You can also specify a different working directory with --container-workdir=<your-dir>. You can set it to $PWD if you want to be in the current working directory when the container starts.

Test the container

Once our allocation is granted, we’ll be inside our running container. Since we created a PyTorch Docker image, we can test that all went fine with a Python script that tries to import the torch package and runs some hardware checks:

import torch

def check_pytorch_cuda():
    print("Checking PyTorch Installation...")

    # Check if PyTorch is installed
    try:
        print(f"PyTorch Version: {torch.__version__}")
    except AttributeError:
        print("PyTorch is not installed correctly.")
        return

    # Check if CUDA is available
    if torch.cuda.is_available():
        print("CUDA is available!")
        print(f"CUDA Version: {torch.version.cuda}")
        print(f"cuDNN Version: {torch.backends.cudnn.version()}")
        print(f"Number of CUDA Devices: {torch.cuda.device_count()}")
        for i in range(torch.cuda.device_count()):
            print(f"Device {i}: {torch.cuda.get_device_name(i)}")
    else:
        print("CUDA is NOT available.

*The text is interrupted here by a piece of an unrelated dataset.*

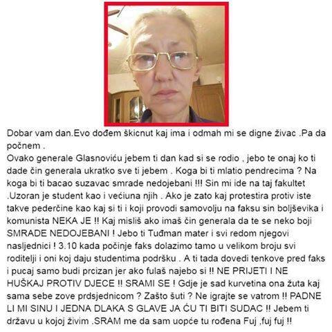Probudila se šumska ekipa. Mirt (stavili joj naočale da pametnije prostakuša izgleda) iz društva Pernar, Sinčić, Palfi, Margetić, Erceg jebe majku onako partizanski generalu Glasnoviću, Andrea Štalcar Furač (nekadašnja ratna izvjestiteljica koja je došla s Radija 101) prijeti generalu toljagom i naziva ga “kamenjarskom kretenčinom”, itd… Hrabra podrumska ekipa iz Domovinskog rata linčovala bi generala jer im otvoreno govori što su. Lukavi general Glasnović na površinu je izvukao sve srbofile i mrzitelje Hrvatske.

Check your installation.")

if __name__ == "__main__":
    check_pytorch_cuda()

If all went fine, we should see the following output (which is specific of the machine where the container is run):

Checking PyTorch Installation...
PyTorch Version: 2.6.0a0+ecf3bae40a.nv25.01
CUDA is available!
CUDA Version: 12.8
cuDNN Version: 90700
Number of CUDA Devices: 4
Device 0: NVIDIA GH200 120GB
Device 1: NVIDIA GH200 120GB
Device 2: NVIDIA GH200 120GB
Device 3: NVIDIA GH200 120GB